Una serata “bellissima” diventata improvvisamente “assurda” e che non sarà senza conseguenze, perlomeno per Tatjana. “Non mi sento sicura e non credo che avrò il coraggio di tornare al Super Super questo sabato”, ammette, prima di aggiungere con voce ferma: “Ma non ci fermeranno! Io non sono omosessuale, però voglio avere il diritto di uscire con i miei amici dove voglio”.
L'amore più forte dell'odio
Ieri sera, diverse centinaia di persone hanno manifestato proprio per difendere questo diritto, quello di essere se stessi, senza dover temere per la propria incolumità. “L’amore è e resterà più forte dell’odio”, questo il titolo scelto dalle organizzazioni per la difesa dei diritti umani e dai rappresentanti della comunità Lgbt, “Zagreb Pride” in primis.
“Nel 2007 c’è stato l’ultimo vero attacco contro la nostra comunità, un tentato lancio di bombe molotov fortunatamente fallito. Poi, a partire dal 2010, sono finite anche le aggressioni personali contro chi partecipava ai gay pride”, ricorda Jelena Poštić che coordina Zagreb Pride. Dopo una pausa, Jelena aggiunge che effettivamente “dal 2010, le cose stavano andando meglio”. E ora? “Ora, l’aumento dell’intolleranza è reale, lo vediamo nei commenti che riceviamo sui social network o ai nostri indirizzi email”, mentre dal governo, prosegue Jelena, arrivano in continuazione “dei messaggi negativi”. A cominciare dalla più recente nomina di Ladislav Ilčić (il leader del partito di estrema destra Hrast) a consigliere per i diritti umani al ministero degli Esteri. Ma la lista è lunga.
Politica
Mentre Jelena parla dietro alle quinte della manifestazione, sul palco improvvisato in Piazza delle vittime del fascismo, i rappresentanti di Zagreb Pride e del Centro per gli Studi sulla Pace (Cms) sparano a zero sulla destra croata, dal ministro degli Esteri Davor Ivo Stier, alla presidente Kolinda Grabar-Kitarović, passando per l’ex ministro della Cultura Zlatko Hasanbegović.
La folla fischia ad ogni nome, mentre dal microfono si fa l’elenco degli scandali che negli ultimi mesi hanno accompagnato la politica croata. Dalla targa con il motto ustascia apparsa a Jasenovac alla vicenda dei cioccolatini serbi che Grabar-Kitarović ha distribuito “per errore”, passando per le minacce e le discriminazioni nei confronti delle diverse minoranze. La misura è colma, sostengono i cittadini scesi in piazza ieri sera e decisi a dar battaglia. “Abbiamo superato la paura da un bel pezzo e vinceremo anche contro di voi!”, lancia dal microfono Sandra Benčić, del Centro per gli Studi sulla pace. E la folla esplode in un boato.
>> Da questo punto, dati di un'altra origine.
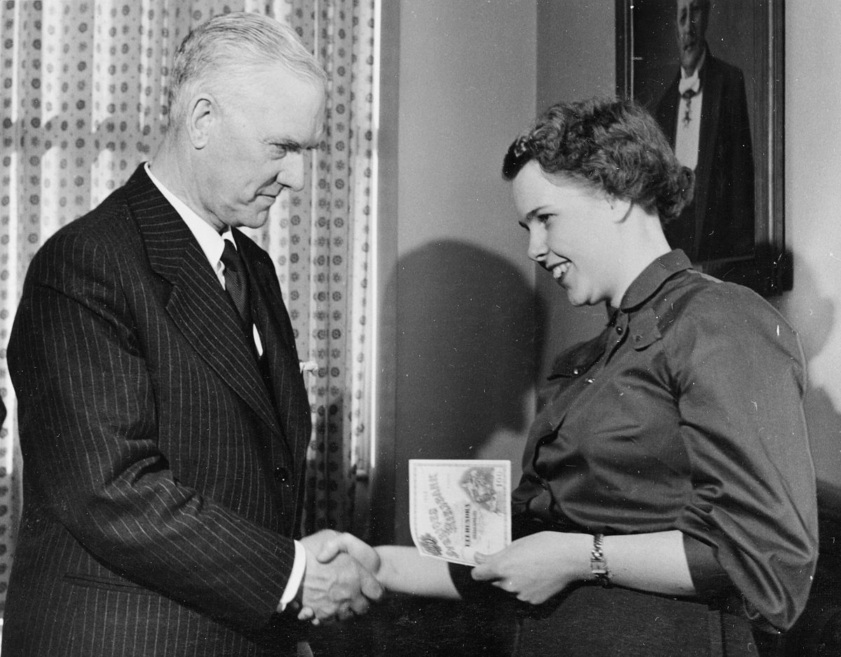 Postsparbankschefen H. Holmström överlämnar 400:- till vinnaren i

Tra i cartelli che declamano “Za freeDom Spremni!” (un gioco di parole col motto ustascia: Za Dom Spremni!, Per la patria, pronti!), o ancora “Avete il diritto di baciarvi per strada”, c’erano anche degli esponenti di prim’ordine del Partito socialdemocratico, oggi all’opposizione, come l’ex ministro dell’Interno Ranko Ostojić o lo stesso leader dell’Sdp Davor Bernardić. In seguito all’attacco di domenica, quest’ultimo è intervenuto denunciando l’atmosfera presente in Croazia. “Ieri è stata attaccata la comunità Lgbt. Oggi, potrebbe toccare ad un’altra minoranza etnica o religiosa. Domani, potrebbe essere il vostro turno”, ha affermato Bernardić su twitter. Come lui, anche il leader del Partito contadino croato (Hss) Krešo Beljak ha accusato l’esecutivo di non fare nulla per evitare tali violenze, ma al contrario di fomentarle volontariamente.
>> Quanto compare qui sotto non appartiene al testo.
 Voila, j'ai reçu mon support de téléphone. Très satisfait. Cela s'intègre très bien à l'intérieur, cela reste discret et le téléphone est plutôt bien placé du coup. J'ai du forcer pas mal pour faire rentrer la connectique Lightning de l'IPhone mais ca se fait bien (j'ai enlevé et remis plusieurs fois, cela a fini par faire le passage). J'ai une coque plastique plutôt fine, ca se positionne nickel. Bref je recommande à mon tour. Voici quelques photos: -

Per il momento, la squadra del premier Andrej Plenković si è limitata ad un comunicato in cui condanna “ogni forma di violenza, discorsi d’odio e discriminazione razziale, religiosa o sessuale”, mentre il ministro degli Esteri Stier e la presidente Grabar-Kitarović hanno denunciato “un atto vandalico”, senza però menzionare la comunità Lgbt oggetto della violenza.